Getting up a hill in Portland
A tramway connects the two campuses of Oregon Health Sciences University (OHSU) in Portland. A tram is essentially the same thing as a gondola, just a different take on the technology. The tram was built after OHSU acquired property along with Willamette River and decided to locate a second campus there. The property was 500 feet below and a little less than a mile from their main campus.
“We needed to find a way to connect it. So we looked at funiculars and gondolas and tramways. We looked at different train options up the hillside,” said Brett Dodson, operations manager for OHSU.
The Portland Aerial Tramway has been in business for 11 years and carries 10,000 passengers a day. Dodson said most of the passengers are employees, patients, medical students and others linked to the university. Every day the tram also attracts a handful of pleasure seekers who ride it to take in the views.
In bike-friendly Portland, Dodson said 450 bikes a day are parked at the tram’s riverside station, belonging to people headed up the hill. The system costs $2 million a year to operate; a good price, Dodson said, for something he calls a Portland icon that has taken a lot of cars off the roads.
“You know when you can move 10,000 riders over a day, and not have any vehicles to do that, it’s a huge benefit,” he said.
So if gondolas and trams are such a great idea, why are they still not a part of San Diego’s public transit system?
Ask gondola supporters that question and you get a certain answer: People don’t take them seriously. People think they’re just ski lifts, they say, which are fine for tourists at the zoo but not for serious commuters.
Nicole Capretz, executive director of the Climate Action Plan in San Diego, is a powerful backer of public transit. She’s not a fan of gondolas. She stood on a trolley platform to make her point as a trolley sounded its horn and continue along it’s Mission Valley path.
"It's kind of a fancy new bright and shiny object,” she said of gondolas. “But at the same time we have to focus on solutions we already know work and are fit and tailored to San Diego, before we explore these theoretical, conceptual ideas."
A lack of political support for gondolas in San Diego was seen last year. That's when Roberts removed funding for gondolas – or skyways – from a plan to pass a new Transnet transportation tax before it went to voters as Measure A.
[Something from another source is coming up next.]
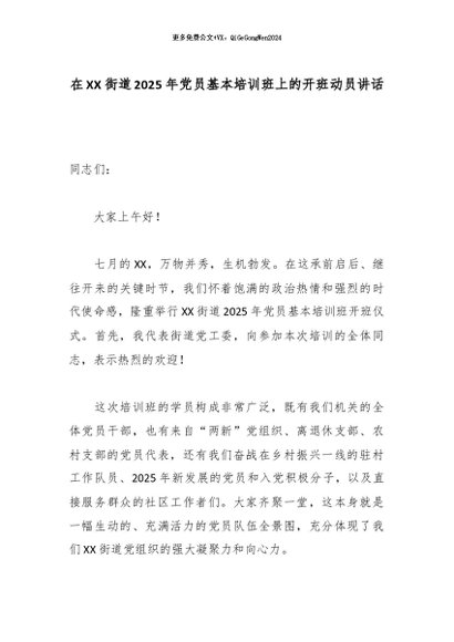 / 在XX街道2025年党员基本培训班上的开班动员讲话

“As chairman of SANDAG,” Roberts said in a written statement, “when it became clear that my support of skyways would be miscast by opponents of a mobility plan, that dedicated a record 42 percent of its spending to transit, I decided it was best to remove the skyway funding to improve Measure A’s chances.”
In the end, Roberts' move was irrelevant. Measure A failed to get the two-thirds majority it needed to pass.
An enduring faith in gondolas
Ron Roberts' county supervisor’s office is full of memorabilia. There are photographs of him with Ronald Reagan and Bill Walton. Signed baseballs. A bat, autographed by Ted Williams. A conceptual drawing of a Bayfront-to-Balboa Park gondola sits on the floor, leaning against a bookshelf. Roberts’ chairmanship of SANDAG expires at the end of the year. He’ll be termed out of his supervisor’s seat at the end of 2018.
He won’t say whether funding for a gondola may appear in a future Transnet proposal. But he said there are other avenues for funding a pilot project.
“The federal government has grants for smaller projects that are innovative,” he said. “California has this incredible effort going on. What do we do on greenhouse gas? They’ve got a pile of money and they’re looking for innovative projects. So there are different sources out there that could be put together.”
And if that happens, Roberts says that would be just the beginning.
“You get one line in and, I guarantee you, in less than 15 years, you’ll have four of them operating.”